There are two sequences that do not cluster with either of the aforementioned groups, and these two enzymes demonstrate substrate preferences distinct from those of PagF homologs that isoprenylate on Tyr. For example, LynF (40% sequence-identical to PagF) also catalyzes O-prenylation on Tyr, but does so in a “reverse” manner (i.e., via addition of dimethylallylic carbocation at C3 rather than at C1). Similarly, TruF1 (32% sequence-identical to PagF) catalyzes reverse prenylation, but does so on Ser/Thr residues rather than on Tyr. To understand a possible rationale for this change in specificity, we generated a structure-based model for TruF1 using the coordinates of PagF and superimposed the two structures. An inspection of the two active sites suggests that many of the hydrophobic residues that are necessary for stabilizing the Tyr substrate in PagF are altered to either small aliphatic residues (i.e., Phe69 in PagF is Ser68 in TruF1, and Trp271 in PagF is Ser280 in TruF1) or basic residues (i.e., Tyr292 in PagF is Arg301 in TruF1) (Fig. 6C). Other residues that define the PagF active site contours (Fig. 4B) are altered in the TruF1 sequence as well. These changes likely alter both the contour and the charge of the active site in TruF1 to accommodate the smaller, polar Ser residue in the substrate.

Discussion

Biochemical analysis of a TruF family member extends the architectural repertoire of α/β prenyltransferase to a new clade of enzymes that O-prenylate Tyr, Ser, and Thr on linear or cyclic peptide substrates. Biochemical characterization of related F enzymes reveals that a number of members are inactive in their ability to catalyze peptide alkylation, both in vivo and in vitro. The trunkamide cluster contains two F enzymes (TruF1 and TruF2), but only TruF1 is active in reverse prenylation Ser/Thr. (24). Likewise, the patellamide cluster contains PatF, but the products of this cluster are not prenylated, and the enzyme lacks prenyl transfer activity (36). A closer examination of the primary sequences of these inactive enzymes, in the context of the biochemical and structural data presented here, demonstrates that these enzymes lack at least one of the conserved residues that are required to engage the DMAPP substrate.

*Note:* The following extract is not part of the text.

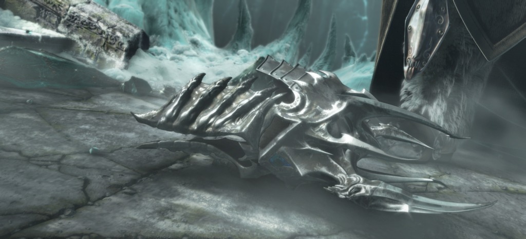 With a great cry of strength, Arthas brought the might of Frostmourne to bear against the Lich King's icy prison and with a haunting scream, the Frozen Throne exploded, and shards of the crystal scattered on the ground. With Ner'zhul's thorny helm at his feet, Arthas leaned forward, picked it up and then placed the unimaginably powerful artifact on his head.

In the FgPT2, the regiochemistry of the Friedel–Crafts type alkylation at C4 of the indole substrate is dictated by steric constraints that preclude σ-complex formation at the more reactive C7 atom. For PagF, peptide binding at the base of the active site orients the Tyr hydroxyl in the vicinity of the prenyl donor at a sufficient distance from the allylic carbocation to favor the direct electrophilic attack on the Tyr oxygen. This geometric positioning of reactive atoms and the greater reactivity of the hydroxyl group dictate direct O-alkylation over aromatic substitution of Tyr substrates in cyclic peptides.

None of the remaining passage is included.